How could this be mitigated:
*) Promote the use of Steven Rostedt's streamline_config, telling
people that if they decide to compile with debuginfo, they
will very likely ***badly*** regret it unless they use a
special config file that aggressively restricts their
configuration in terms of not building modules they don't need
on that system.
*) Maybe for kernel developers there should be some suggested patches
that compile the kernel with some amount of optimization
supressed, so that in particular, functions are never
inlined, and maybe in an extreme sense, optimizations are
disabled altogether --- or at least enough that if someone is
going to pay the vast cost of debuginfo, at least they will
get something useful out of it by actually being able to set
traces at arbitrary line numbers, and will hopefully be able
to access variables with much greater probability of success.

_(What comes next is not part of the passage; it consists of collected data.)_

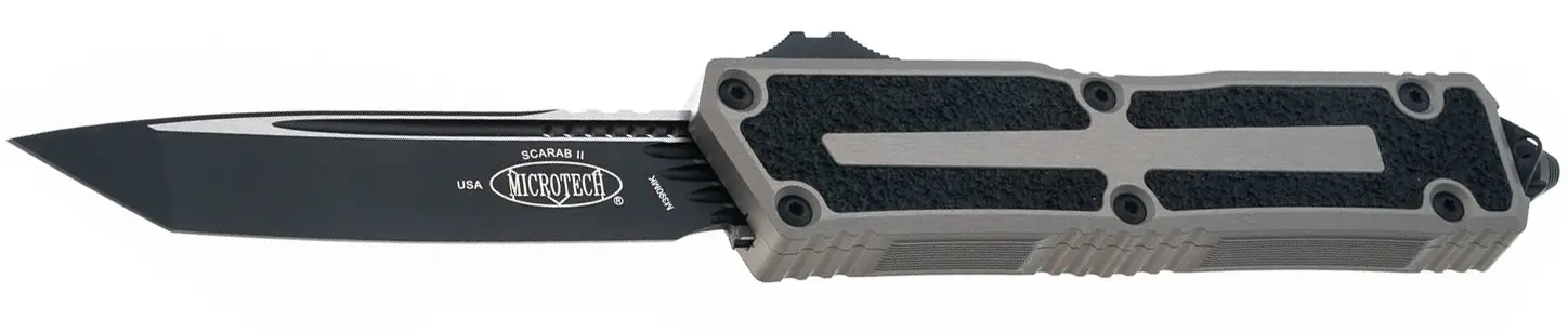 Ніж Microtech Scarab II GEN III T/E Black Blade TanНіж Microtech Scarab II з фронтальним викидом клинка (OTF) – це збільшена версія моделі Scarab. Крім розмірів Scarab II відрізняється більш легким і плавним ходом повзунка, який відповідає за викид клинка, форма і тип обробки якого будуть також відрізнятися в залежності від моделі. Алюмінієве руків'я з текстурованими вставками з композитного матеріалу сприяє надійнішому утриманню ножа. В моделі передбачений склобій, отвір для кріплення темляка і широка кишенькова кліпса з зображенням скарабея.
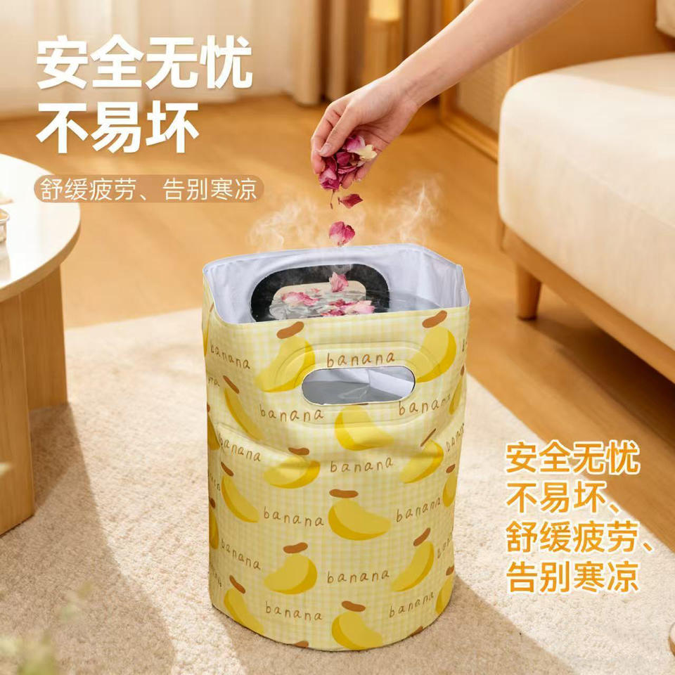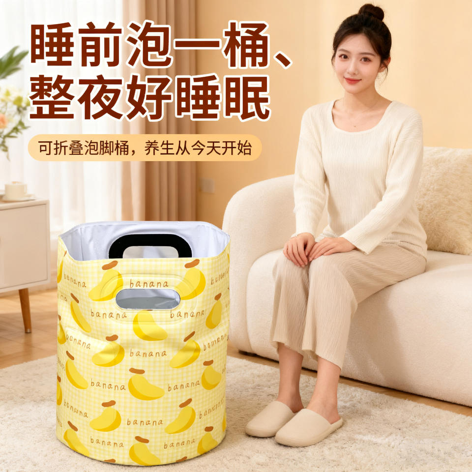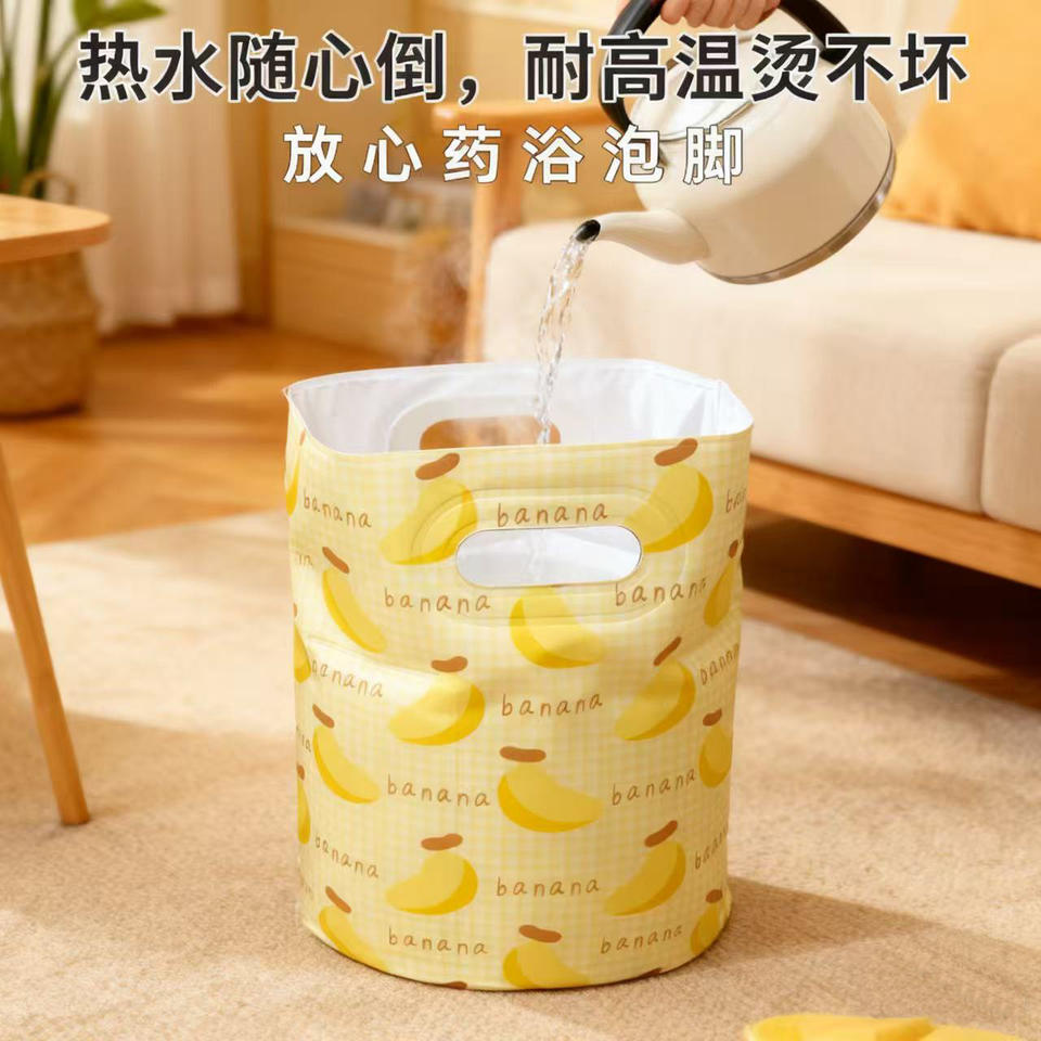 Cubo plegable para baño de pies, portátil, hasta la rodilla, para el hogar y estudiantes, color amarillo plátano, material de PVC ecológico
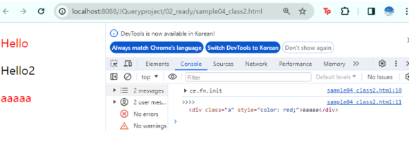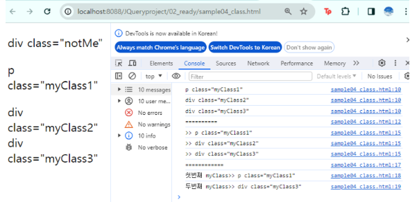 console.log("첫번째 myClass>>", $(".myClass")[0].innerText);
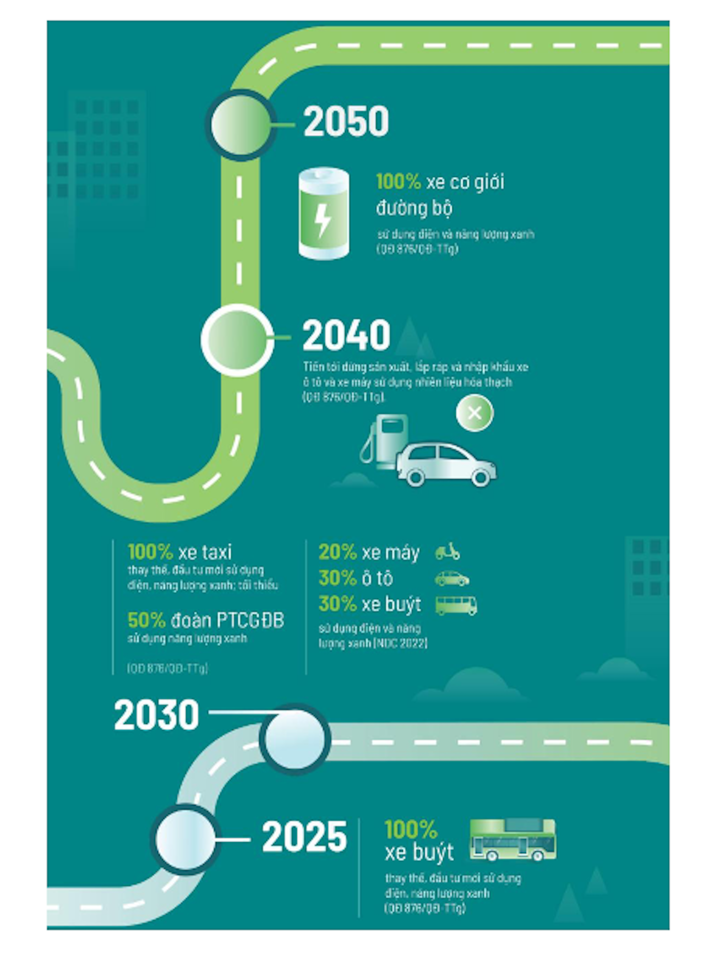 Lộ trình chuyển đổi năng lượng xanh ngành Giao thông vận tải. Nguồn: Bộ Xây dựng
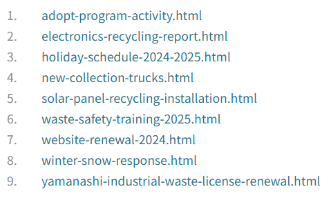 実際にページを生成すると、「パーマリンク」フィールドの値を元に、1レコード1ページが下記のように展開されました。
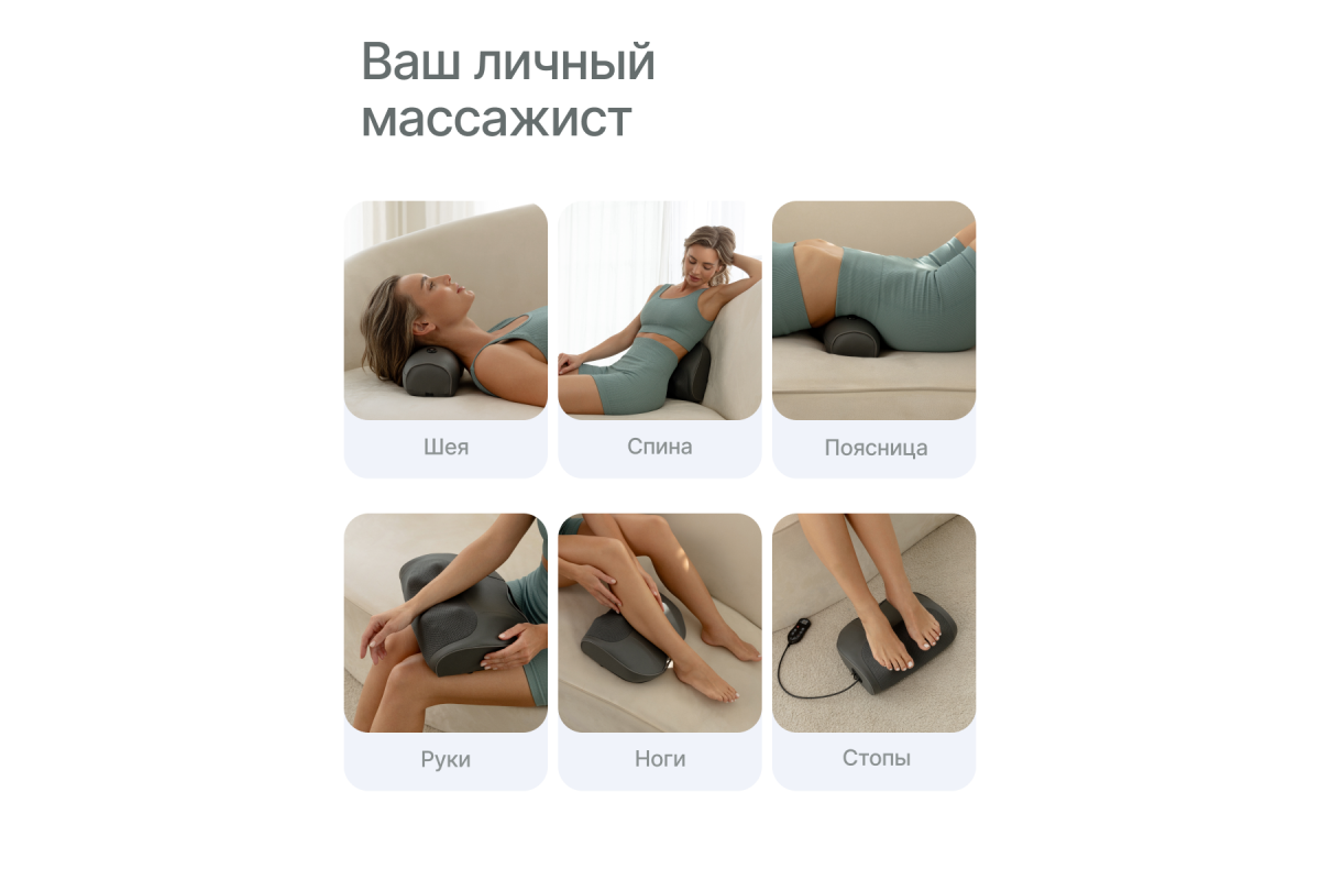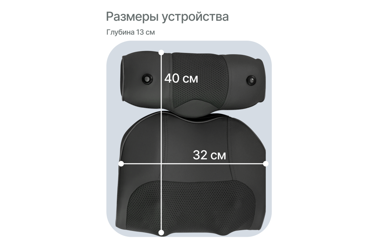 Масажер для спины электрический подойдёт для дома, офиса или автомобиля. Высококачественные материалы — искусственная кожа, прочный ABS-пластик и дышащая сетка — обеспечивают комфорт и долговечность.
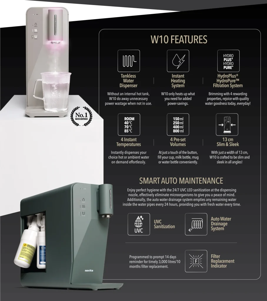 3.Novita understands these common headaches. That’s why the W10 Hot Water Dispenser offers innovative solutions:
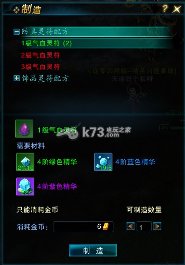 灵符分两种一种为“气血灵符”丶一种“全属性防御符”每一种灵符分1 2 3 三个等级每个等级又分“大”“中”“小”三种。(按“B”键打开背包在背包下方点击“制造”按钮打开制造界面)
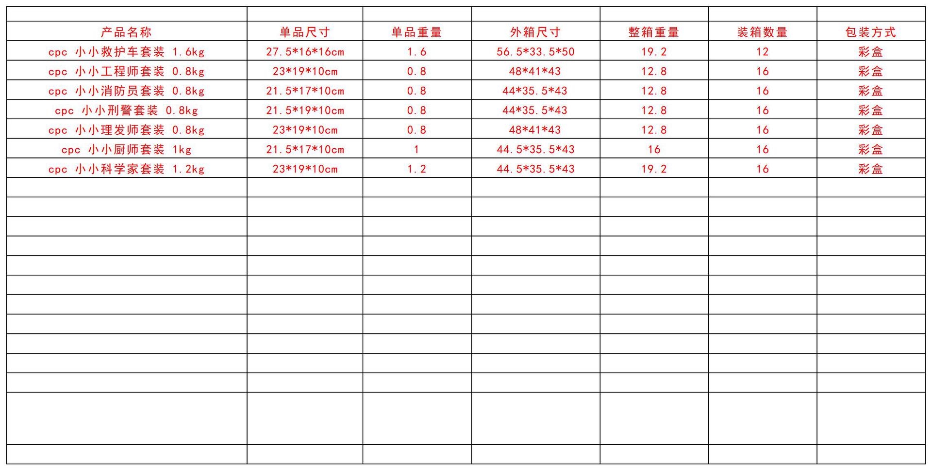 | Colores | Cpc pequeño traje de ambulancia 1.6kg,Cpc pequeño ingeniero conjunto 0,8 kg,Cpc juego de bombero pequeño 0,8 kg,Cpc pequeño juego de peluquero 0.6kg,Cpc Little Chef Set 1kg,Cpc Little Scientist 1.2kg |

Yes, this goes against the Systemtap goal of not requiring
people to compile special kernels and rebooting, but if the
advantage of using debuginfo and being able to set
tracepoints at arbitrary points, at least for me, in the code
I've tried to instrument, I have absolutely no confidence
that I can set tracepoints where I want except at the
beginning of functions anyway. So if I'm going to slow down
my compile-edit-debug cycle in the kernel by an order of
magnitude, say to debug some really hard problem, I want to
be able to really, truly and reliabily be able to set
tracepoints **anywhere** and be able to usefully probe
variables when and where I want.
*) Alternatively, if we are going to take as a given that the only
kind of probe points that are going to be reliable is the
beginning or end of functions (and specifically, non-static
functions), is there some way to generate a restricted set of
debuginfo that only gives enough information that it is
possible to decode the types of the function parameters, but
none of the line number information? Maybe some way of simply
running nm on vmliux, and then creating some kind of magically
.c file that references all of the functions and forcing a
single .o with DWARF information with the function and type
information, and nothing else. I'm not a tools person, so
this may be a stupid way of doing it, but the basic idea is
simply having a highly compressed debuginfo file that only has
function parameter information, and nothing else, which
hopefully will only be a megabyte or two instead of hundreds
and hundreds of megabytes of debuginfo. And to do this
without having to write garguantuan .o files in the build
tree, since that slows down the compile.
I know that Systemtap can run without debuginfo, but if you
can't decode the function arguments, at that point I would
probably use ftrace because it's simpler than Systemtap.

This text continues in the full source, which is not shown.